• [Task details]: Print the records below exactly, from the line containing "Сегодня научно-популярный видеоконтент" down to the line containing "5 февраля 2026", both lines included, and omit every picture.

• [Given entries]:
-- Opening Marker --

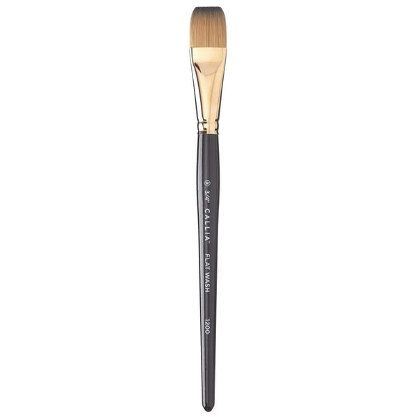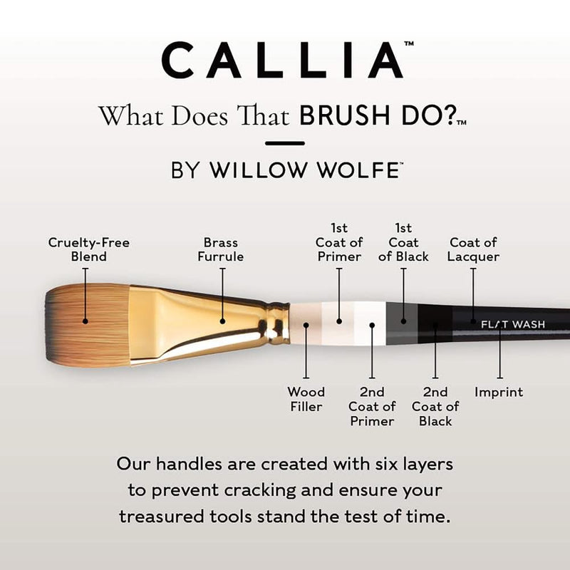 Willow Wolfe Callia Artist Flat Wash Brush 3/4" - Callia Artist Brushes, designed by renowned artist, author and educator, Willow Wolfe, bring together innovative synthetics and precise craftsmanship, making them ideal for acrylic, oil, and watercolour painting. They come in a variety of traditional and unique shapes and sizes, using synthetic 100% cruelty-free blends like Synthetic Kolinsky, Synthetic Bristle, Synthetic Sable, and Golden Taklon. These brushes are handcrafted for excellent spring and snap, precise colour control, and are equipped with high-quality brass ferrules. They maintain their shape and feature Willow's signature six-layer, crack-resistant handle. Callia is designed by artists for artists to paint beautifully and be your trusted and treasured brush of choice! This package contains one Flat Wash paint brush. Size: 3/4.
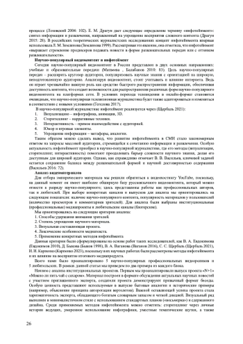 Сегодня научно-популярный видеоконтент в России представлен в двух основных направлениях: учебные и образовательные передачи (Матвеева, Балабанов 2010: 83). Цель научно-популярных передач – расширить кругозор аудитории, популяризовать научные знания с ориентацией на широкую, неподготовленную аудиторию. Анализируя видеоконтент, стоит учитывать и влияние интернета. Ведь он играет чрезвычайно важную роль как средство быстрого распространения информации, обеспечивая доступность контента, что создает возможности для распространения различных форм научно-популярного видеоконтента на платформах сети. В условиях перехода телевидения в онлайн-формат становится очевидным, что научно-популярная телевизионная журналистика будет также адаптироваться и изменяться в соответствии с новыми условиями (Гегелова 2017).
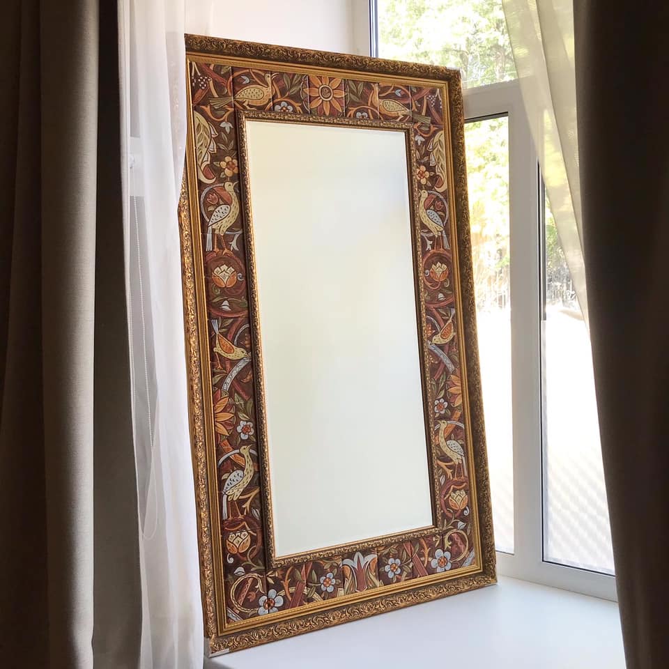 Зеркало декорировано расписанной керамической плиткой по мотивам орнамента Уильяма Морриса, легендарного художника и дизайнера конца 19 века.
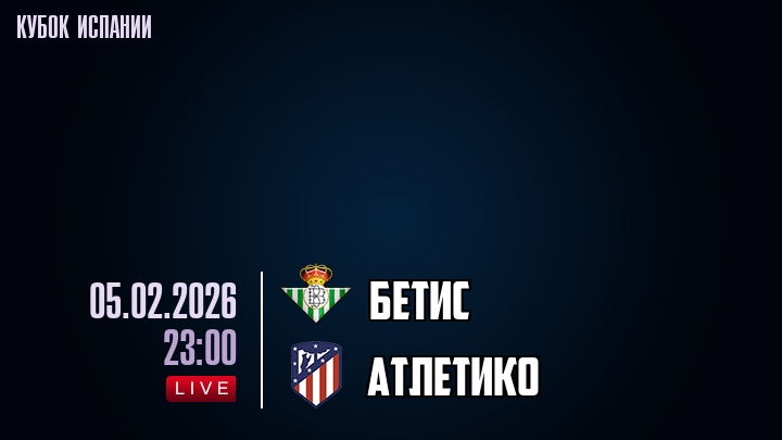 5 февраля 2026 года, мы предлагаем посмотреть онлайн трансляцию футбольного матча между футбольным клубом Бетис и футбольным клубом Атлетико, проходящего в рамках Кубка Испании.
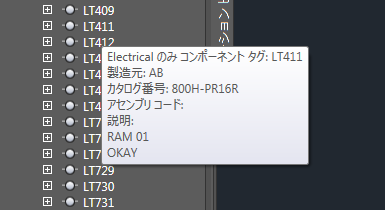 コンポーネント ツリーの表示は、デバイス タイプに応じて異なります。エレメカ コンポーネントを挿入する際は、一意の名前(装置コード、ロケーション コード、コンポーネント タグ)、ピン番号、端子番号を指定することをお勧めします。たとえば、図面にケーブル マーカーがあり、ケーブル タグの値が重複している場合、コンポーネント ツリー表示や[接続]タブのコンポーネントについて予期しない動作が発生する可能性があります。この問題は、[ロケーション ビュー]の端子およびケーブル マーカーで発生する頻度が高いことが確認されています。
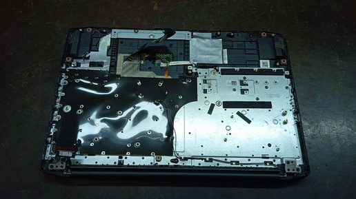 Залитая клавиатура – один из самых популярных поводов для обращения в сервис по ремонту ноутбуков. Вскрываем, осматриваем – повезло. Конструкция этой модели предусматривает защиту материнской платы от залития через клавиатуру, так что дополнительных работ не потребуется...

-- Closing Marker --
-- Opening Marker --

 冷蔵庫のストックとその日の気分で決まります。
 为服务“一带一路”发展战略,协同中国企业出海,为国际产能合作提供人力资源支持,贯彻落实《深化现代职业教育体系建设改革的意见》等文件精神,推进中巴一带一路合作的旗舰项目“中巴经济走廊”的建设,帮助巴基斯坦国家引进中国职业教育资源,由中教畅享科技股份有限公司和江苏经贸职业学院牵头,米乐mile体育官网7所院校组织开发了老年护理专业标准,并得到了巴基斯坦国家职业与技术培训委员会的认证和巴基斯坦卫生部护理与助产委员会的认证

-- Closing Marker --
-- Opening Marker --

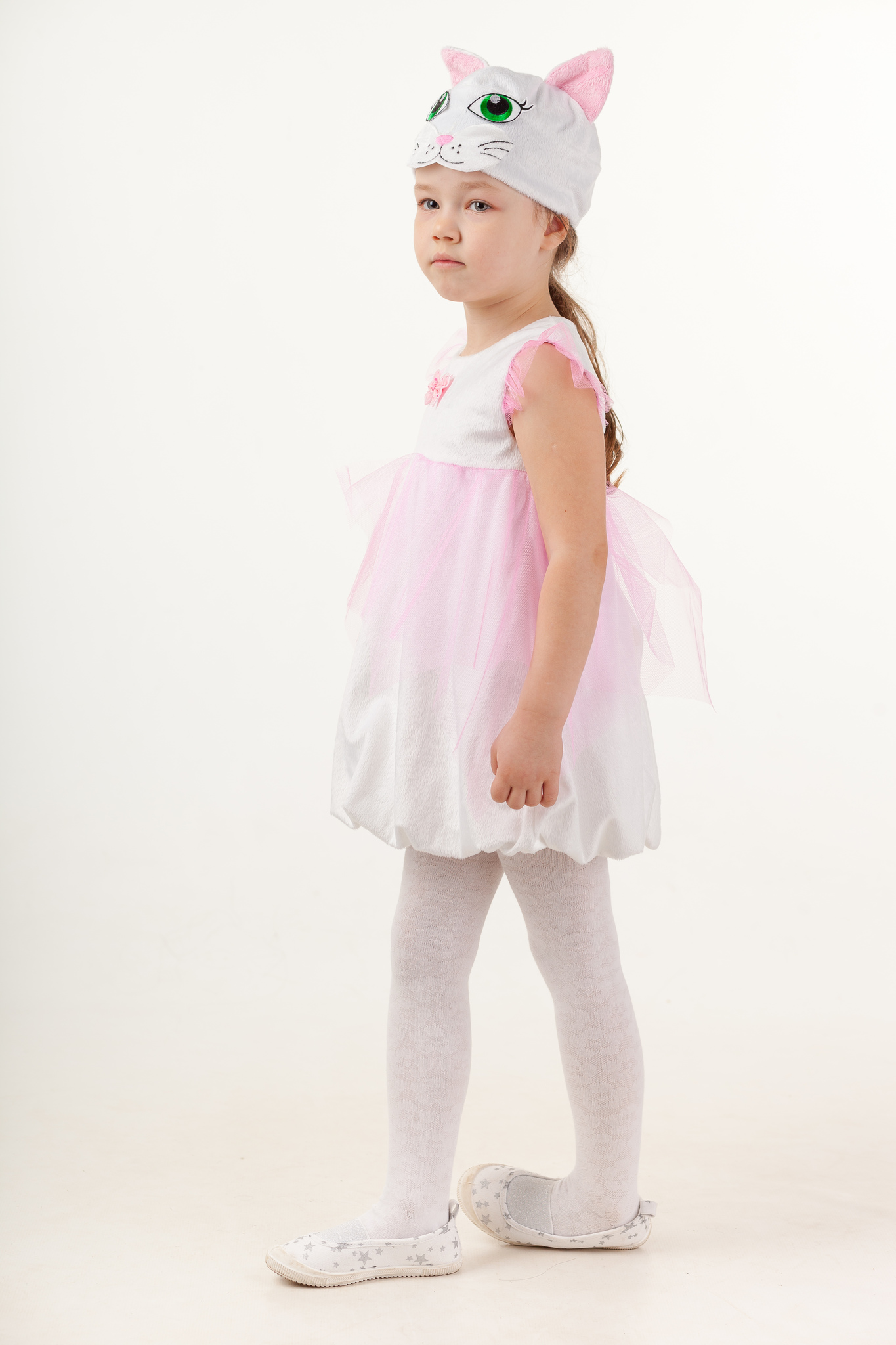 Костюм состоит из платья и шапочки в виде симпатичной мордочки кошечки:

-- Closing Marker --

• [Task solution]:
 Сегодня научно-популярный видеоконтент в России представлен в двух основных направлениях: учебные и образовательные передачи (Матвеева, Балабанов 2010: 83). Цель научно-популярных передач – расширить кругозор аудитории, популяризовать научные знания с ориентацией на широкую, неподготовленную аудиторию. Анализируя видеоконтент, стоит учитывать и влияние интернета. Ведь он играет чрезвычайно важную роль как средство быстрого распространения информации, обеспечивая доступность контента, что создает возможности для распространения различных форм научно-популярного видеоконтента на платформах сети. В условиях перехода телевидения в онлайн-формат становится очевидным, что научно-популярная телевизионная журналистика будет также адаптироваться и изменяться в соответствии с новыми условиями (Гегелова 2017).
 Зеркало декорировано расписанной керамической плиткой по мотивам орнамента Уильяма Морриса, легендарного художника и дизайнера конца 19 века.
 5 февраля 2026 года, мы предлагаем посмотреть онлайн трансляцию футбольного матча между футбольным клубом Бетис и футбольным клубом Атлетико, проходящего в рамках Кубка Испании.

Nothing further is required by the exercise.